SENATE COMMITTEE ON HUMAN SERVICES & CORRECTIONS
Majority Report: Do pass.
Signed by Senators Hargrove, Chair; Costa, Vice Chair; Carlson, Franklin, Hewitt, Kastama, Kohl‑Welles, Long and Stevens.
Staff: Fara Daun (786‑7459)
Background: In 1997, the Legislature stated a policy to require courts to give great weight to a prior history and pattern of mental decompensation in certain circumstances. In subsequent years, the Legislature has enacted further provisions to address the public safety concerns and treatment needs of persons who are repeatedly committed as a danger to self or others and required the court to give great weight to a person=s past history of dangerousness in determining whether to commit him or her.

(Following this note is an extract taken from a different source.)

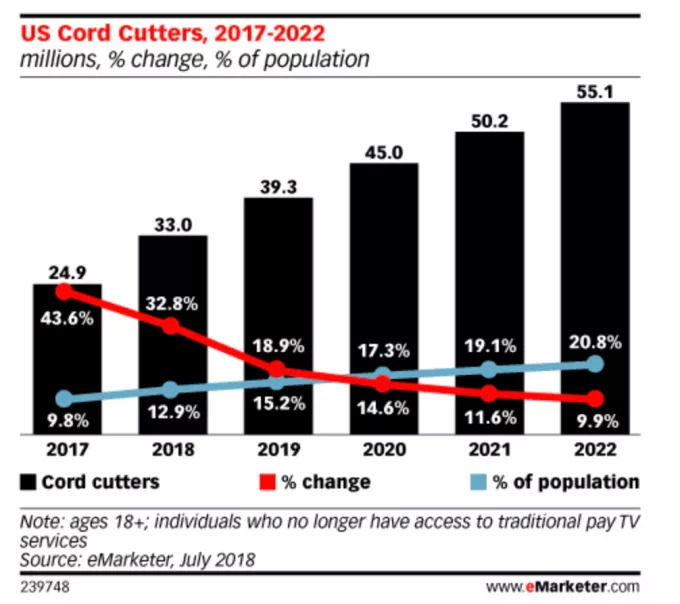 根据eMarketer的研究,由于传统有线电视和卫星电视费用不断上涨,美国每年有数百万人通过电视终端使用流媒服务,年增速持续高于10%,预计2021年将达到5000万人规模,2022年达5500万人。

In 1999, the Court of Appeals reviewed the case of R. W., who was convicted of second degree assault of a psychiatric nurse. Following his release from confinement on the assault, he was sent directly to Western State for mental health evaluation. He was then committed for 14 days. This was his 13th commitment. At the end of the 14 days, a petition for 90-day inpatient treatment was filed and the jury was instructed to give great weight to his prior history and pattern of decompensation and police interventions. R. W. appealed and the court held that the jury instruction was an improper comment on the evidence because the statute used as authority was a legislative intent section and not a substantive law section.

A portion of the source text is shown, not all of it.